On Sun, Mar 18, 2018 at 2:51 PM, Paul Winalski <paul.winalski@gmail.com> wrote:
On 3/16/18, Dave Horsfall <dave@horsfall.org> wrote:
> We lost computer pioneer John Backus on this day in 2007; amongst other
> things he gave us FORTRAN (yuck!) and BNF, which is ironic, really,
> because FORTRAN has no syntax to speak of.
>

(Mis-)features such as the insignificance of white space made some
sense when the target consumers for the language (numerical analysts)
were accustomed to writing numbers with commas or spaces separating
groups of digits (e.g., 1 234 567 and 1,234,567).  Of course, that
does lead to grammatical nasties such as the need for
context-sensitive lexical analysis.

I suspect that FORTRAN's syntax was designed before its creators had
read any of the formal language work of Chomsky et. al., hence its
poorly-behaved grammar.

-Paul W.
Right .. my point was it is easy to trash talk something that was remarkably successful such as FORTRAN when it was created (60 years) later​
 
​when we get to look back on the design with a great deal more knowledge that original designers had creating it​.   To be honest, I have a hard time imagining writing some of the programs my late father did when he was a 'computer' in the later 50s and early 60s and he and his peeps started to convert their work from manual equation grinding to computer simulation (i.e. the movie Hidden Figures).

As importantly, it was just those old codes that made the market to allowed computers to become valuable.  Remember that the original estimates in the 1940-50s was a tens of systems world wide.   FORTRAN was really the key enabler that made market and created the need for more computers.

Again, we can not judge with today's lens if for no other reason than because so much of what we have in computing (just the space and speed of the systems alone) were unimaginable in the 50s & 60s.    Computer time was much more expensive/too precious.  I'm not sure my adult aged children or most of their friends have ever used systems were 'accounting' was done and 'charge back' was performed, number of seconds of CPU time was calculated.   [IIRC: The student WatFIV compiler at CMU on TSS/360 gave you no more than 10 seconds of compile time and 2.5 seconds of run time for your batch job].  Today we have IDE's, and interactive debuggers etc...    such were just not cost effective.   The key point being that computers cost more than people.

To bring this back to UNIX.   That was one of the really remarkable things about Ken and Dennis work.   Interactive systems like UNIX were not the norm.   Yes, DEC sold them and they were are hit for only a small group, but even TOPS-10 systems were out of reach for many (remember K&D had their PDP-10 proposal tossed out by their management].   Unix ran on 'modest' hardware and that changed a lot of things.  And I think that is one of the reasons why Fortran was 'knocked' out of its position with many programmers.   Interactive computing changed who was using computers.


But as Paul mentioned, Fortran had already become the linga-franc of the scientific community before we were able to use computers as we do today.  As I said, the math they used has not changed and it is remarkable that that old 1960's code still works.   Steve put it well and I'll add a challenge to any hot shot programmer (which at one time I guess I considered myself to be) to have done much better (I'm sure I could not have).   I am humbled by how good a job they did with creating both the language itself, the codes that used it, and how long/well those codes have stood the test of time.
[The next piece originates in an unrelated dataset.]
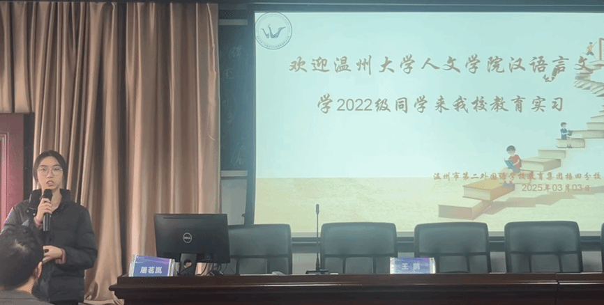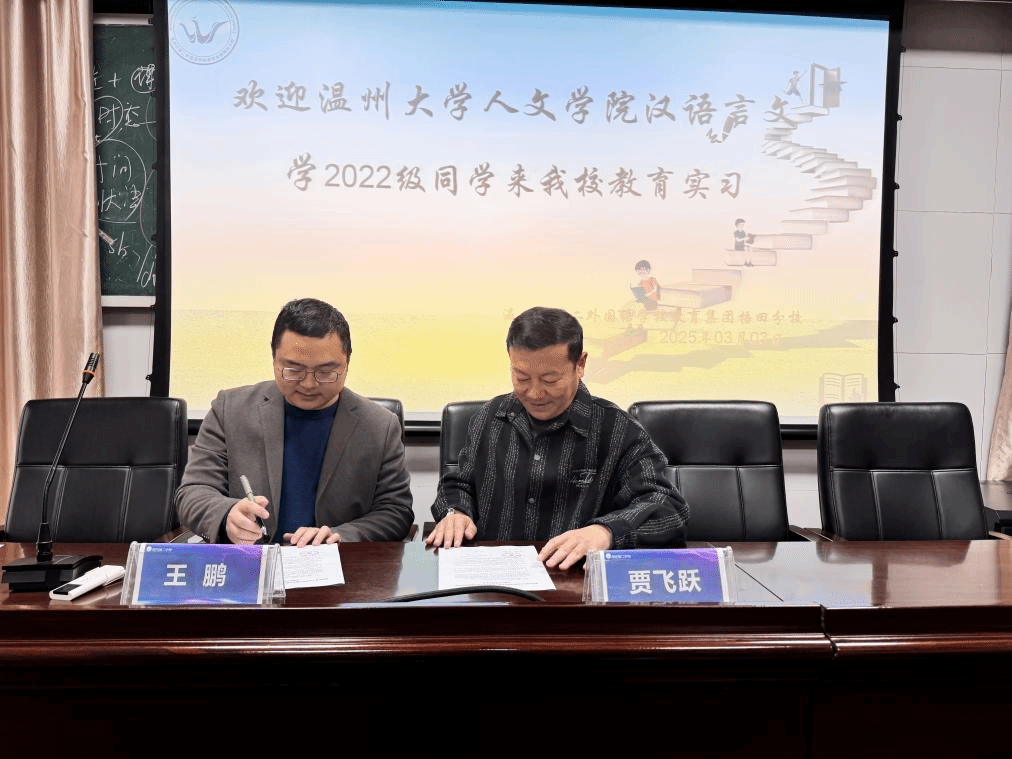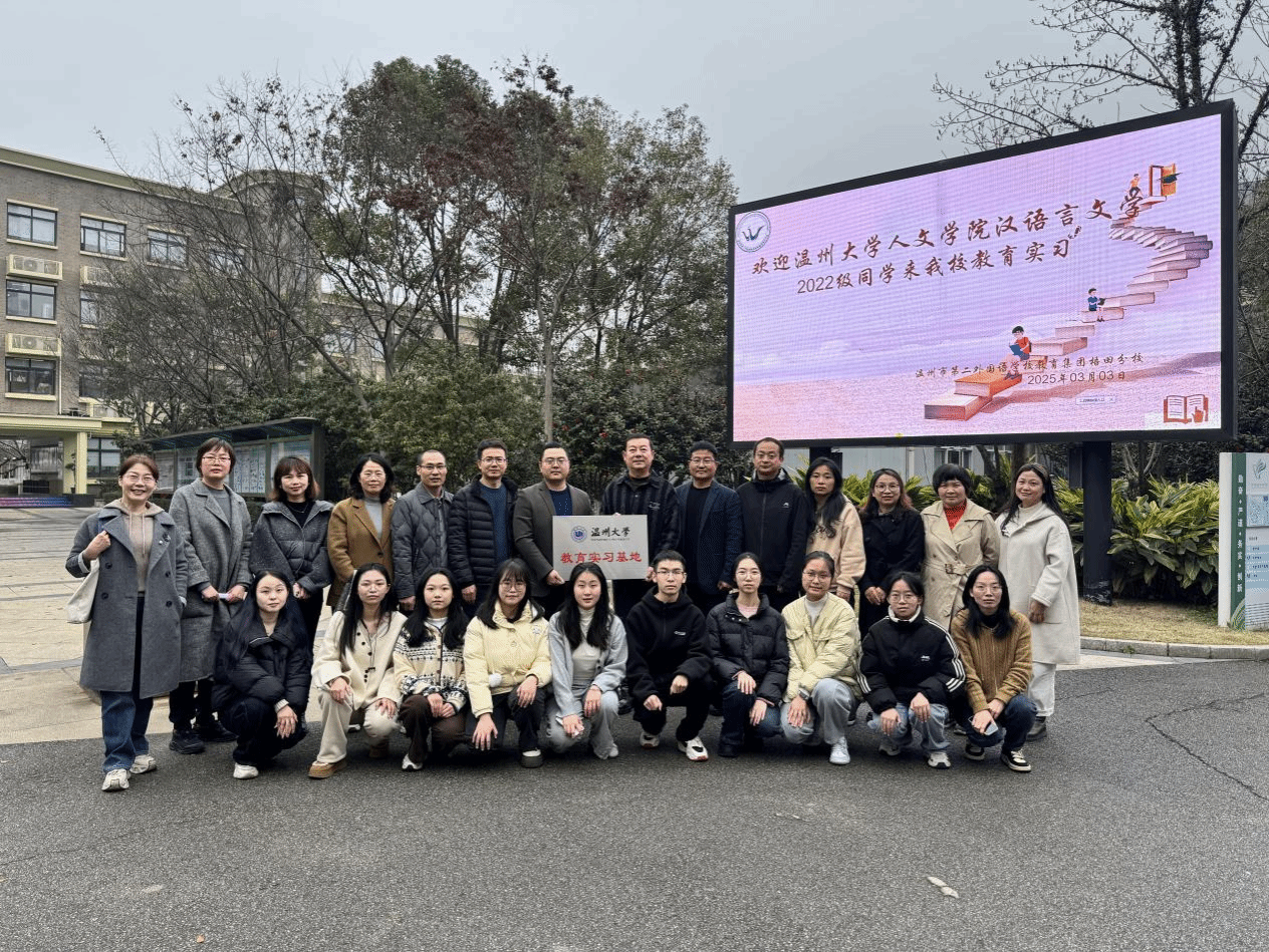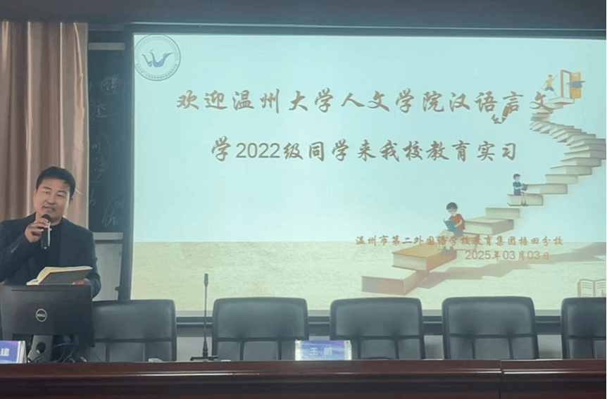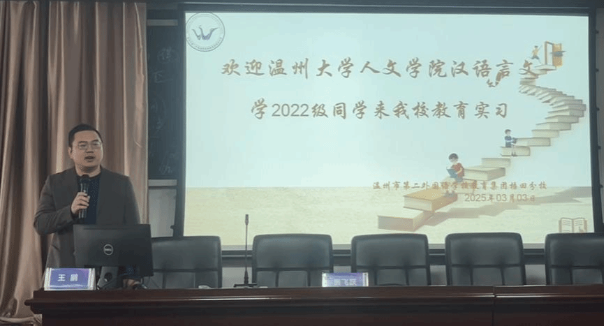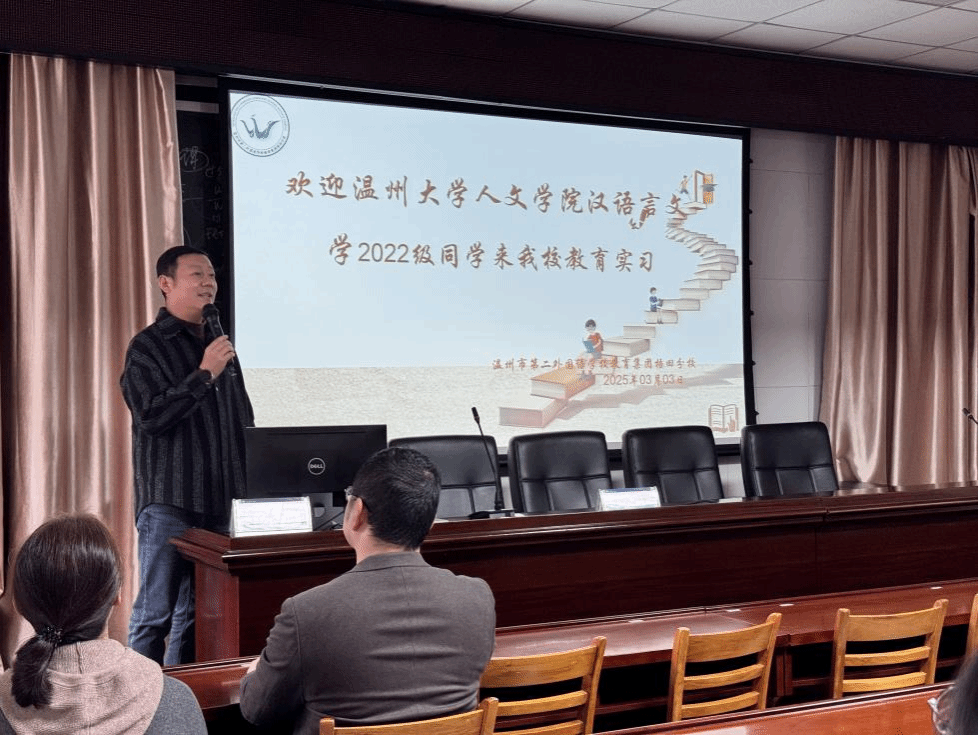 三月,万物复苏,春天一点一点地化开。在这个充满生命的季节里,22中文1班的8位同学迎来了将理论转化为实践的锻炼机会。2025年3月3日,在温州市第二外国语学校教育集团梧田分校与德赢ac米兰官方合作vwin汉语言文学(师范)专业2022级学生教育实习工作启动仪式在温州市第二外国语学校教育集团梧田分校南二楼教师会议室举行。见面会由温州市第二外国语学校教育集团梧田分校教学科研处主任金红蕾老师主持,参与本次见面会的人员有德赢ac米兰官方合作vwin的王鹏副院长、陈柳老师和温州市第二外国语学校教育集团梧田分校校长贾飞跃、副校长陈荣建、指导老师们和全体实习生。

I was introduced at FORTRAN-IV, after learning Assembler and BASIC and learned Algol-W at the same time.  At the time, I was pretty impressed, with F4, some of its strangeness like white space, or column orientation were not that strange given we all were on cards.    But I was lucky to be at a place were interactive computing was also blossoming and was given all the computer I wanted on PDP-10s and PDP-11s.   I stopped writing FORTRAN because we had SAIL, BLISS and eventually C and Pascal.  Although thinking back, the last large Fortran program I wrote for CMU was an accounting program for the PDP-20's in '76 that computer center had.   I'm not sure why they wanted it in Fortran, but I do remember that was a requirement, probably because it had to run TSS also.

I do remember, one of the big issues with UNIX being picked up into the EE department was the lack of a 'proper Fortran.'    As much as modern languages like C and Pascal were clearly the direction, a lot of professors had a lot of code in FORTRAN they wanted to run.

So now I live in a world were the best FORTRAN compilers are UNIX based and I don't write with FORTRAN anymore.   I still have a ton of respect for those that do and even more for the wizards like Paul and co that have spent their careers creating compilers for FORTRAN that have spanned such changes in the underlying system hardware, as well as the language itself and keep those same user codes getting correct answers and using the hardware as well as can be.

So I never knock FORTRAN or FORTRAN programmers.   While we may not chose to use it because it is the wrong tool for our job, they have done and continue to do much for all of us and we all should really remember that.